Moody’s: Steel price rally temporary; no material impact for producers’ credit profiles


The recent steel price rally does not signal improved demand and will provide only a temporary boost to producers, said Moody’s Investors Service.

Since December 2015, steel prices have increased by about 55% after hitting a 7-year low, with production and capacity utilization rates firming. Hot rolled coil prices rose to $550 per ton in May 2016 from $355 per ton in December 2015, while utilization rates rose to 72% in April from 63% in December. Overall the rally is expected to expand margins and improve operating results for the domestic steel sector versus those in recent quarters.

In a new report, “Recent Steel Price Spike Unlikely to Be Sustained,” Moody’s indicated the rally has been driven by temporary supply side factors that were likely to wane in the near future, noting that steel prices and utilization rates remain at historically weak levels. The ratings agency noted that industry conditions would not support materially improved credit profiles for the rated steel producers.

“Despite this recent spike, the underlying issues that plagued the domestic steel industry last year will persist in 2016,” commented Moody’s Vice President Michael Corelli. “We’re still seeing significant excess worldwide steel and raw material capacity along with softening demand and economic growth.”

Moody’s said that imports have ebbed due to the softening US dollar and relatively favorable preliminary trade case rulings, both of which had provided a boost to the domestic industry.

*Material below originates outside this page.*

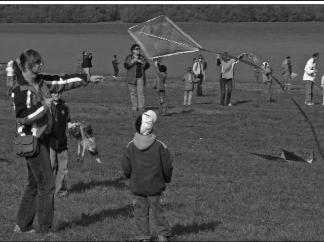
V prvú októbrovú nedeľu zorganizovalo občianske združenie Návraty na Zemplínskej širave ošmu michalovskú šarkaniádu. Z vydatého popoludnia sa tešili rodičia, no najmä deti.

12. októbra - 2. novembra - galéria MsKS Výstava obrazov - Július Král'

However, Moody’s analysts said the recent aggressive price rise is likely to attract higher imports soon, especially if final trade case determinations are not as favorable as anticipated.

Another driver behind the steel rally has been the uptick in raw material prices as China’s government stimulus spending and looser monetary policies have lifted economic activity and spurred steel demand and prices. Still, Moody’s said the fundaments do not support the resulting price rise and that supplies continue to substantially outweigh demand, and will lead to lower prices in the near term.

Going forward, the domestic steel producers are approaching a seasonally soft period, as both the oil and gas and mining sectors remain very weak with slowing industrial production. Moody’s expects that while idled domestic steel capacity and inventory restocking are supporting higher prices, steel demand is likely to weaken once inventory restocking is complete.